Any pros want to chime in?


----------



## Potato (Apr 3, 2009)

6 years is very good! Consider that it accelerates if you use this strategy: 4 years for the next one, 2.5 years to the one after that, then one every other year... Plus you can save from your day job, etc.

I don't see an allowance for vacancy or maintenance in your numbers...

[I will sit on my hands about the wisdom of a one-asset strategy like this.]


----------



## sevenpoint (Jul 31, 2015)

Potato said:


> 6 years is very good! Consider that it accelerates if you use this strategy: 4 years for the next one, 2.5 years to the one after that, then one every other year... Plus you can save from your day job, etc.
> 
> I don't see an allowance for vacancy or maintenance in your numbers...
> 
> [I will sit on my hands about the wisdom of a one-asset strategy like this.]


Thanks so much for your response. And for not scolding me too much on my strategy.

You're right, I haven't allotted for vacancy or maintenance in those numbers. I've been fairly blessed so far not to have to spend much in those areas, but I should account for about two months lost rent on each unit to account for those things.

As for diversity, the way I see it I've invested about 100k of my own money in RE, if you remove the principal portion I'm currently making about a 15-20% return on my investment. I do have stocks, a small business, a day job and RRSPs. I just like to compartmentalize each investment to make sure each is self sustainable. I like real estate best right now for a few reasons so I'm willing to have that be a heavier part of my portfolio, but I'm not currently willing to take profits from one and put into another, besides savings from my day job. 

Still, to me 6 years seems way too long. I see people on here with 9, 18, 70+ units. I see how the time between purchases decreases each time, but I can't see how even with that time that I could get to 70+ units before I'm 100 years old.


----------



## OurBigFatWallet (Jan 20, 2014)

Out of curiosity what part of Calgary are the rental units in? What is your strategy assuming the Calgary market starts to go down a bit with the price of oil, I'm assuming a long term hold for both?
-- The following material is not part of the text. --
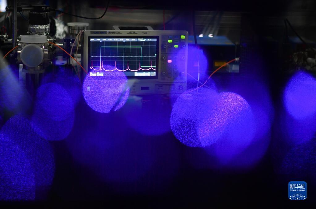 2月7日,在中國科學(xué)院國家授時(shí)中心空間鍶原子光鐘實(shí)驗室,測量?jì)x器顯示相關(guān)實(shí)驗信號。新華社記者 張博文 攝

You mentioned RRSP, do you have any investments in your TFSA?


----------



## sevenpoint (Jul 31, 2015)

OurBigFatWallet said:


> Out of curiosity what part of Calgary are the rental units in? What is your strategy assuming the Calgary market starts to go down a bit with the price of oil, I'm assuming a long term hold for both?
> 
> You mentioned RRSP, do you have any investments in your TFSA?


No problem!

One property is in the NW, somewhat close to LRT. The other is central north, lots of redevelopment, right off of proposed Green line LRT. I only intend on holding long term as long as they're making money or if I get an offer I can't refuse, but they are by no means flippers. Turning a single family home into a multi family is generally not a good strategy for short term flips. 

As for TFSA, I do use it a bit but for shorter term plays to avoid capital gains, but don't max it out like I do my RRSP simply because with all my sources of income my personal tax is quite high and I like to max my RRSP to lower it.


----------



## Just a Guy (Mar 27, 2012)

You may want to take a look at www.easysafemoney.com, he's got some ideas on where to find money from. As stated before, 6 years is not a long time in real estate, heck that's not even the real break even point on most places.

I think your real issue is the price you are paying for properties. For $700k you got 4 doors. That's a pretty hefty price per door. I know Calgary doesn't have a lot of cheap places right now (standard arguement), but that doesn't mean you need to buy in Calgary right now. Getting into the market at any price is never a good investment strategy no matter what you are buying.

There are other possibilities out there. I'm currently working on trying to pick up 6 one bedroom apartments for about $400k, but there seems to be some complications on the seller's end. For the same 80k you need for two more doors, you could have 6 doors making about $1000/month rent each, it's a much better investment in my opinion. 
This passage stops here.